I want to set up a pipeline every hour to parse 2000 raw protobuf format files in different folders of GCS buckets and load data into big query. so far I'm able to parse proto data successfully.
I know the wildcard method to read all the files in a folder, but I don't want that now as I have data from different folders and I want to run this faster like parallelism, not in a sequential way
like below
for x,filename enumerate(file_separted_comma):
--read data from prto
--load data to bigquery
Now I want to know whether the below approach is the best or recommended way of parsing multiple files from different folders in apache beam and load the data into a big query.
one more thing, Each record after parsing from proto, I'm making it into JSON record to load into the big query and don't know this is also a good way to load data to big query instead of directly loading deserialized(parsed) proto data.

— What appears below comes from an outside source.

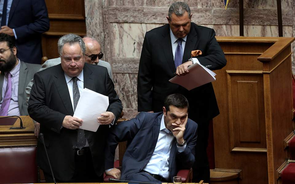 Το τραύμα που αφήνουν τα γεγονότα στη δημοκρατία, αλλά και στην ενότητα του έθνους, είναι πολύ βαθύ, και μόνον ένα δημοψήφισμα θα μπορούσε να λειτουργήσει επουλωτικά. Σύσσωμη η αντιπολίτευση, και ιδίως η Νέα Δημοκρατία, έχει επιλέξει να ακολουθήσει το στενό κομματικό συμφέρον και όχι να αντιμετωπίσει αυτό το βαθύ τραύμα απαιτώντας επί τέλους τη διεξαγωγή του. Γνωρίζει ότι ο εκτροχιασμός της παρούσας διαδικασίας συνεπάγεται άμεση πτώση της κυβέρνησης, εκλογές, που καθιστούν σοβαρό το ενδεχόμενο να κληθεί στη θέση ευθύνης να διαχειριστεί το καυτό, ναρκοθετημένο ζήτημα της Συμφωνίας. Και τότε θα πρέπει να αντιμετωπίσει ένα δίλημμα που αδυνατεί να αντικρίσει, τη σύγκρουση με τον ξένο παράγοντα, τον οποίον μέχρι σήμερα πάσχιζε να πείσει ότι «κάνει καλύτερα την δουλειά από τον Τσίπρα», ή το σύρσιμο σε μια «κωλοτούμπα» που θα θέσει εν αμφιβόλω το ίδιο το μέλλον της.

I'm moving from a Hadoop job to dataflow to reduce the cost by setting up this pipeline.
I'm new to apache-beam,dont know what are cons&pros, hence can somebody take a look at the code and help me here to make a better approach to go for production
import time
import sys
import argparse
import apache_beam as beam
from apache_beam.options.pipeline_options import PipelineOptions
import csv
import base64
import rtbtracker_log_pb2
from google.protobuf import timestamp_pb2
from google.protobuf.json_format import MessageToDict
from google.protobuf.json_format import MessageToJson
import io
from apache_beam.io.filesystems import FileSystems
def get_deserialized_log(serialized_log):
log = rtbtracker_log_pb2.RtbTrackerLogProto()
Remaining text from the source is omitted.